AMCA Breach Tally Grows; Other Health Data Breaches RevealedHere's a Roundup of Latest Security Incident Reports
Week after week, the list of victims affected by the American Medical Collection Agency data breach continues to grow. The four latest organizations added to the list say a combined total of nearly 190,000 patients they served were affected.
That brings the total number of organizations affected by the breach, which was revealed in June, to about 25. And those organizations report that a total of more than 25 million patients had data exposed.
"When a business associate provides services to many organizations, as did AMCA, the risk to patients across the country can be huge," notes Kate Borten, president of privacy and security consulting firm, The Marblehead Group. "Ideally, the Department of Health and Human Services should identify high volume BAs and consider them for [HIPAA] audits, if and when audits return."
Meanwhile, other healthcare entities - including Presbyterian Healthcare Services and Massachusetts General Hospital - have reported significant data breaches in recent weeks.
New AMCA Breach Victims
The most recent AMCA victims added to the HHS' Office for Civil Rights' HIPAA Breach Reporting Tool website, which lists health data breaches impacting 500 or more individuals are:
- Wisconsin Diagnostic Laboratories, Milwaukee, Wisconsin, reporting nearly 115,000 patients affected;
- Mount Sinai Hospital in New York, 34,000;
- Integrated Regional Laboratories of Fort Lauderdale, Florida, 30,000;
- West Hills Hospital & Medical Center, West Hills, California, 11,000.

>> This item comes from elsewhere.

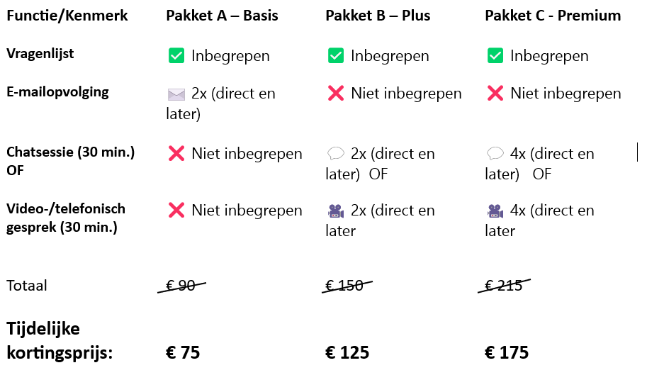 Er zijn 3 pakketten mogelijk, maar op verzoek en in overleg kan er een ander pakket samengesteld worden.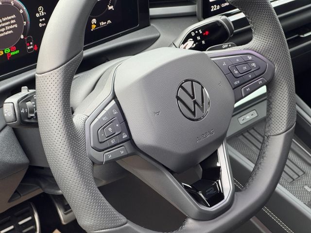 Außenspiegel elektr. verstell-, heiz- und anklappbar mit Spiegelabsenkung rechts; Seitenscheiben hinten und Heckscheibe abgedunkelt; Dachreling schwarz; Außenspiegel mit Umfeldleuchte und Projektionsfunktion; Frontscheibe Verbundglas, wärmedämmend; Kofferraumdeckel / Heckklappe elektr. betätigt (Schließen, sensorgesteuert öffnend, Fernentriegelung); Einstiegsleisten (Aluminium); Außenspiegel schwarz lackiert; Stoßfänger R-Line

These latest AMCA breach victims added to the HHS website - commonly called the "wall of shame" - are in addition to more than 20 other medical testing laboratories and other healthcare entities that have had breaches added to the federal tally and/or have issued notification statements.

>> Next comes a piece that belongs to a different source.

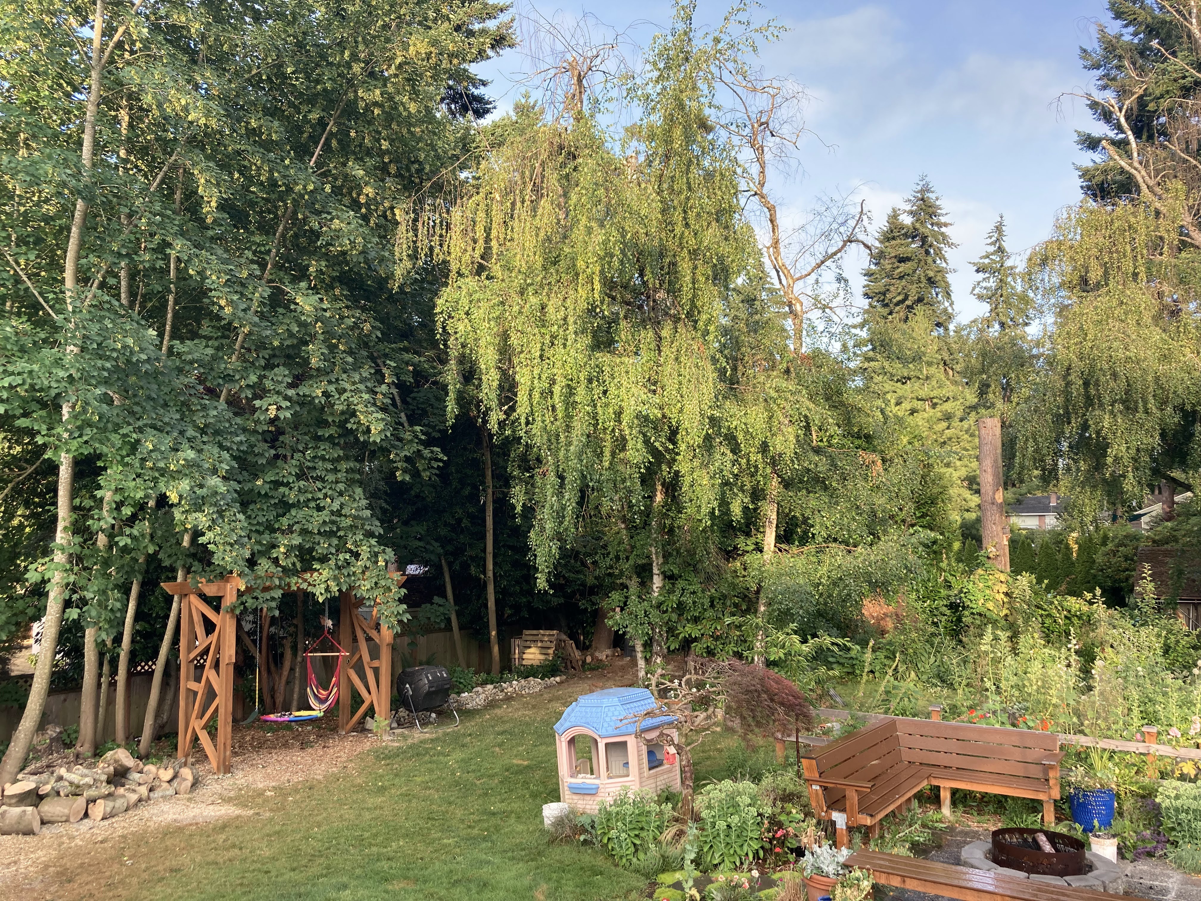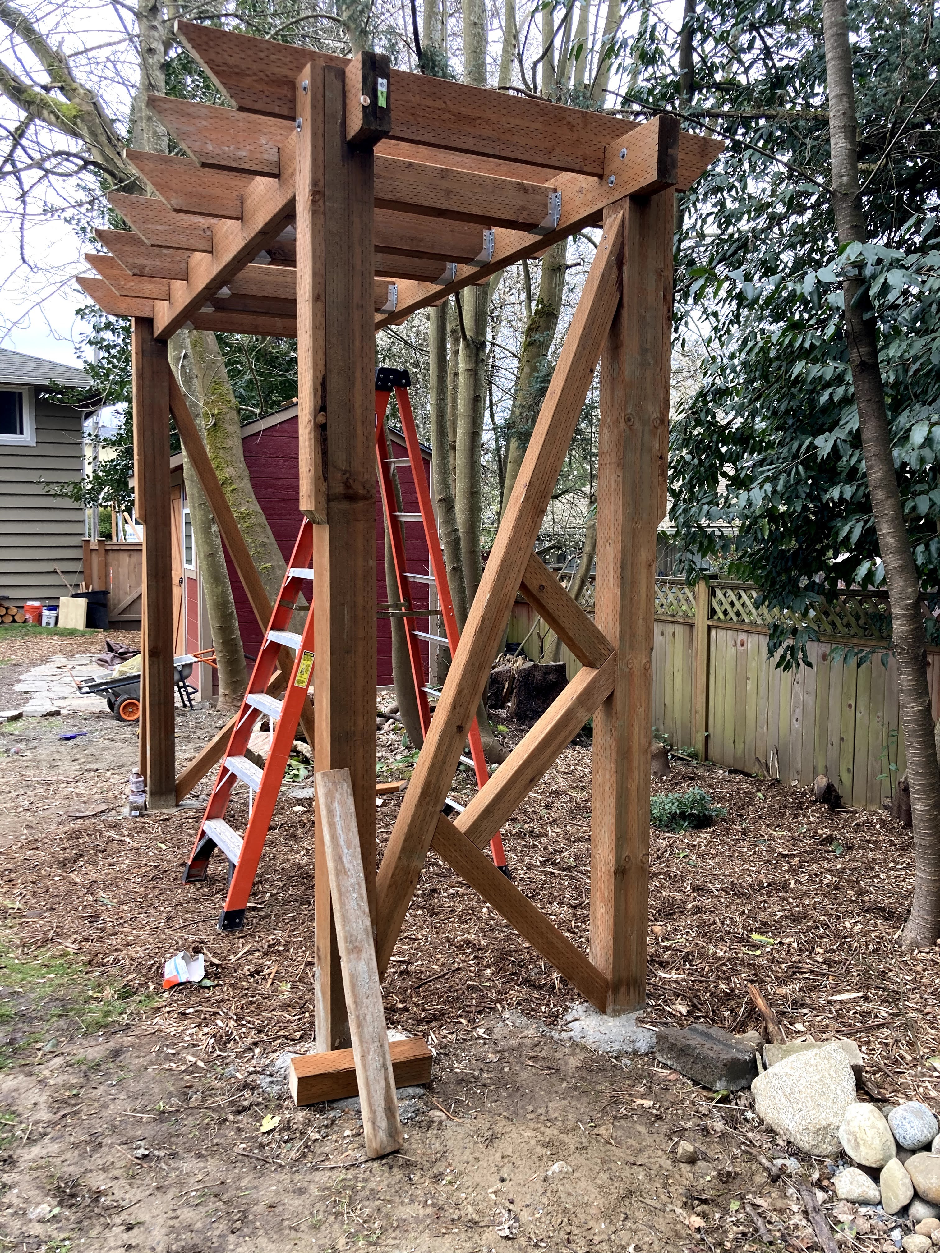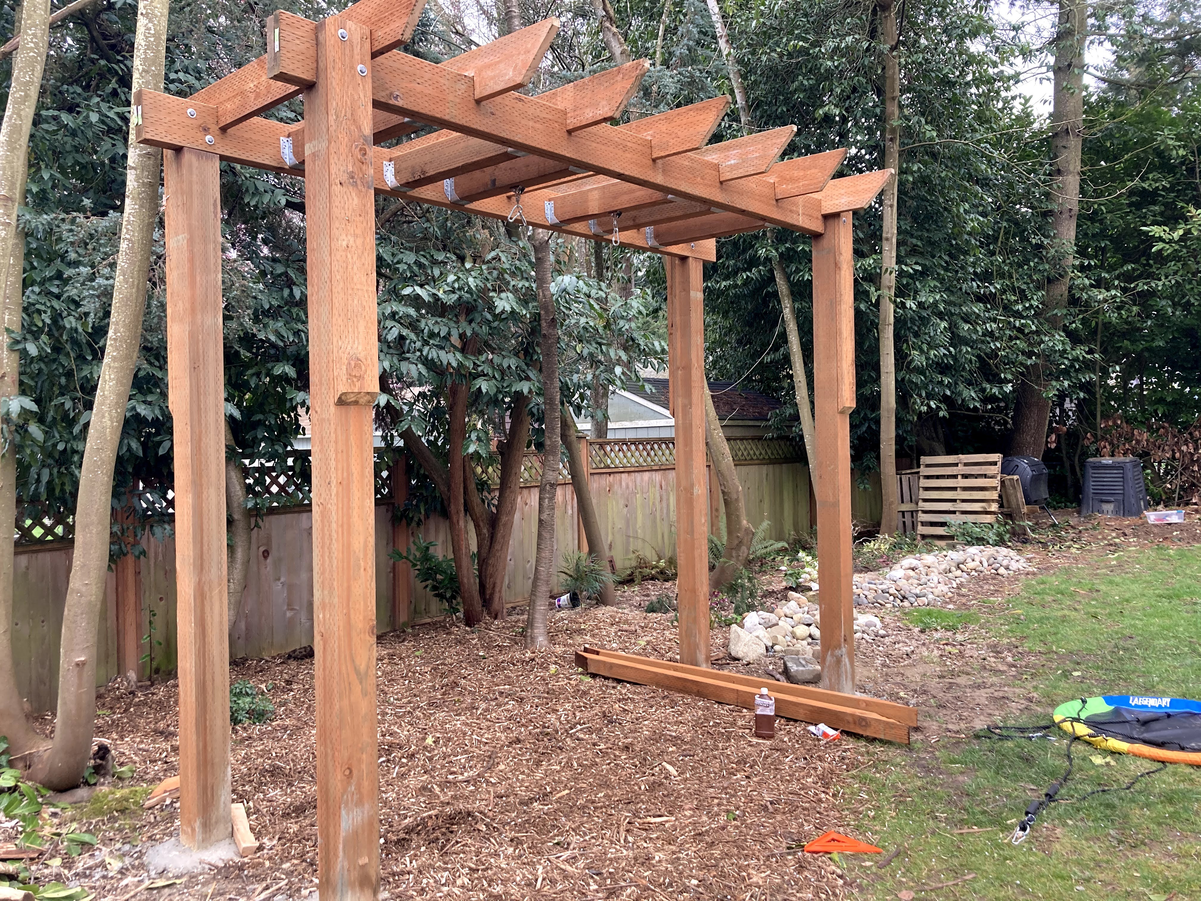 My husband, Jon, was very focused on safety and stability, so he wanted to build an A frame. I was much more interested in aesthetics and long-term functionality in our yard, so I wanted one that looked like a trellis. My rational was that when the girls got a little older and didn’t use the swings anymore, we could hang hammock swings or hanging rattan chairs or even two hammocks between this structure in the summer time for a relaxing and attractive reading nook in the shady section of our yard. Although an A frame would have been cheaper, easier and potentially sturdier, I was able to convince my husband to go for the prettier, multi-purpose build.

Other Health Data Breaches
Meanwhile, a number of other sizable health data breaches have either been added to the HHS tally or revealed in recent weeks.
Among the largest is a phishing incident that affected nearly 183,400 patients at Albuquerque, New Mexico-based Presbyterian Healthcare Services, which offers health plans and operates nine hospitals.
Presbyterian Healthcare says that on June 6, it discovered "anonymous, unauthorized access was gained through a deceptive email to some of Presbyterian's workforce members sometime around May 9."
The unauthorized access to these email accounts appear to be part of a phishing scam, the organization says.
"These email accounts included patient and/or health plan member names and might have contained dates of birth, Social Security numbers and clinical and/or health plan information. Once Presbyterian became aware of this incident, it secured these email accounts, began a thorough review of the impacted emails and alerted federal law enforcement," the statement says.
Research Data Breach
Also recently reported is an incident at Boston-based Massachusetts General Hospital involving a medical research database, which affected about 10,000 patients.
Massachusetts General, which is part of Partners HealthCare, says that on June 24, the hospital learned that an unauthorized third party had gained access to databases related to two computer applications used by researchers in its department of neurology for neurology research studies.
The hospital says that its investigation has found that between June 10 and June 16, the unauthorized third party had access to research data that included, for example, names, diagnosis and medical history, biomarkers and genetic information, and types of assessments and results.
The medical center says it's taken steps to prevent further unauthorized access and to restore the affected research computer applications and databases. The hospital has also engaged a third-party forensic investigator to conduct a review and has contacted federal law enforcement.
A medical center spokesman declined to comment to Information Security Media Group about the type of intrusion into the hospitals' database and the potential motivation of those who inappropriately accessed the medical research data.
Attorney David Holtzman of the security consultancy CynergisTek says the hospital is missing a chance to better educate the wider U.S. healthcare sector about the privacy and security risks posed to medical research data.
"The information disclosed by Massachusetts General Hospital to the media and general public about a security incident which disclosed protected health information of research subjects probably fulfills the minimum requirements set by HIPAA and various state laws," he says. "However, MGH may be missing an opportunity to provide leadership to the healthcare industry through sharing additional details about the root cause of the incident.
"Greater transparency and information sharing into the type of attack or methodology would be beneficial incident information sharing that other healthcare organizations and researchers could use to defend against a similar type of incident including if the breach was the work of a malicious insider."
In another continuing trend, the surge of ransomware attacks in the healthcare sector show no signs of abating.
Among the latest victims is the Cancer Center of Kansas.
The organization says that on June 12, it discovered that computer systems at one of its facilities, located in Dodge City, had been affected by a ransomware attack.
The investigation determined that an unauthorized third party gained access to the center's systems, which contained documents with patients' names, addresses, phone numbers, dates of birth, attending and referring physicians' names and dates of service, the center says.
Cancer Center of Kansas did not reveal whether it paid a ransom nor the status of its recovery from the incident, which was reported to HHS as affecting 773 individuals.